What you should do.
Leave the pictures out and give every entry again exactly.

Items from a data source
§ §

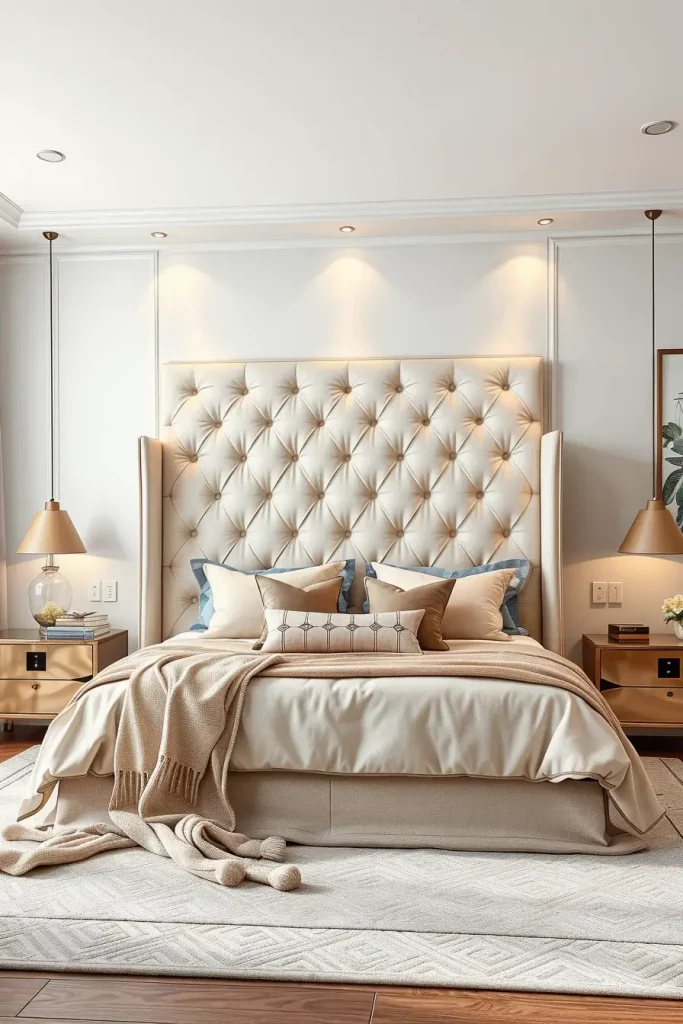 I seek tufted fabric, textured linen or even leather when choosing headboards. These works immediately turn into focal points. Combining them with a few pieces of bedding will keep the focus on the headboard, and neutral throw pillows of matching colors provide balance.
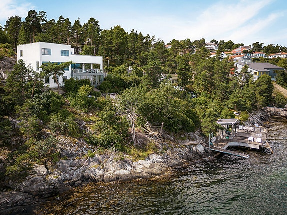 Nesoddtangen - arkitekttegnet enebolig med den aller beste beliggenhet - brygge, strandlinje og panorama sjøutsikt
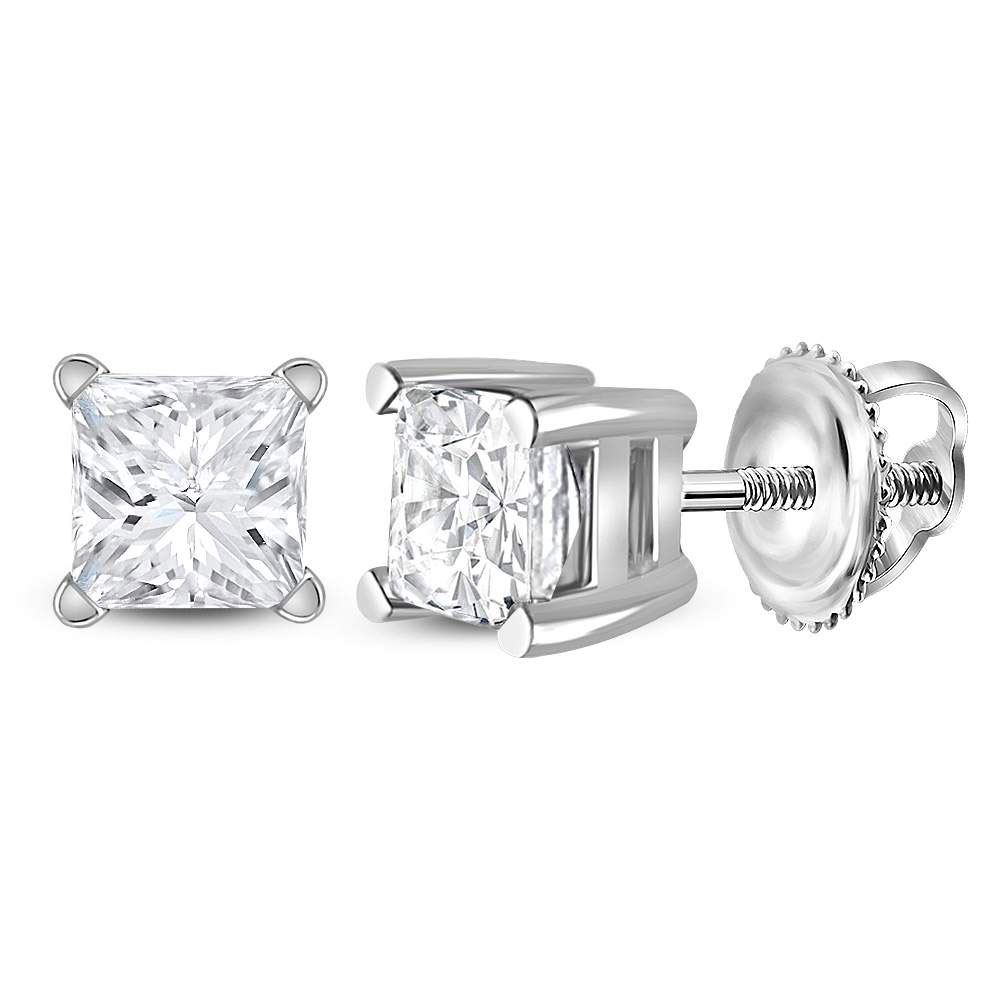 14kt White Gold Womens Princess Diamond Solitaire Earrings 3/4 Cttw
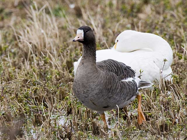 初めは小型で、おでこに見えてカリガネかと思いましたがアイリングが無いところをみると、やはりマガンでしょう。
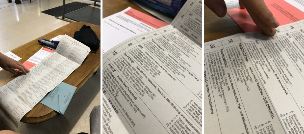 우리나라에는 정당 이름에 ‘동물’이 들어간 정당이 단 하나도 없는데, 독일에는 3개나 있다는 사실에 사진을 찍어두었다. 기억에 따르면 정당 번호가 낮을수록 의석을 많이 차지했거나, 지난 투표에서 투표율이 높았던 정당이다. 동물복지 당이 지난 투표에서 8번째로 투표를 많이 받았던 정당이라는 사실이 참 놀라웠다.
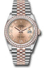 36mm Everose Rolesor case with Oystersteel monobloc middle case, screw-down steel back, screw-down 18K Everose crown, 18K Everose diamond bezel, rose dial, Roman numerals with diamond set 6 and 9, Rolex calibre 3235 self-winding movement with date at 3 o'clock, approximately 70 hours of power reserve, Everose Rolesor Jubilee bracelet with five-piece links, folding Oysterclasp buckle with Easylink 5mm comfort extension link. Waterproof to 100 meters. Redesigned for Baselworld 2018 with updated case sides, lugs, and calibre 3235 movement.

§ §

Solution for this task.
 I seek tufted fabric, textured linen or even leather when choosing headboards. These works immediately turn into focal points. Combining them with a few pieces of bedding will keep the focus on the headboard, and neutral throw pillows of matching colors provide balance.
 Nesoddtangen - arkitekttegnet enebolig med den aller beste beliggenhet - brygge, strandlinje og panorama sjøutsikt
 14kt White Gold Womens Princess Diamond Solitaire Earrings 3/4 Cttw
 初めは小型で、おでこに見えてカリガネかと思いましたがアイリングが無いところをみると、やはりマガンでしょう。
 우리나라에는 정당 이름에 ‘동물’이 들어간 정당이 단 하나도 없는데, 독일에는 3개나 있다는 사실에 사진을 찍어두었다. 기억에 따르면 정당 번호가 낮을수록 의석을 많이 차지했거나, 지난 투표에서 투표율이 높았던 정당이다. 동물복지 당이 지난 투표에서 8번째로 투표를 많이 받았던 정당이라는 사실이 참 놀라웠다.
 36mm Everose Rolesor case with Oystersteel monobloc middle case, screw-down steel back, screw-down 18K Everose crown, 18K Everose diamond bezel, rose dial, Roman numerals with diamond set 6 and 9, Rolex calibre 3235 self-winding movement with date at 3 o'clock, approximately 70 hours of power reserve, Everose Rolesor Jubilee bracelet with five-piece links, folding Oysterclasp buckle with Easylink 5mm comfort extension link. Waterproof to 100 meters. Redesigned for Baselworld 2018 with updated case sides, lugs, and calibre 3235 movement.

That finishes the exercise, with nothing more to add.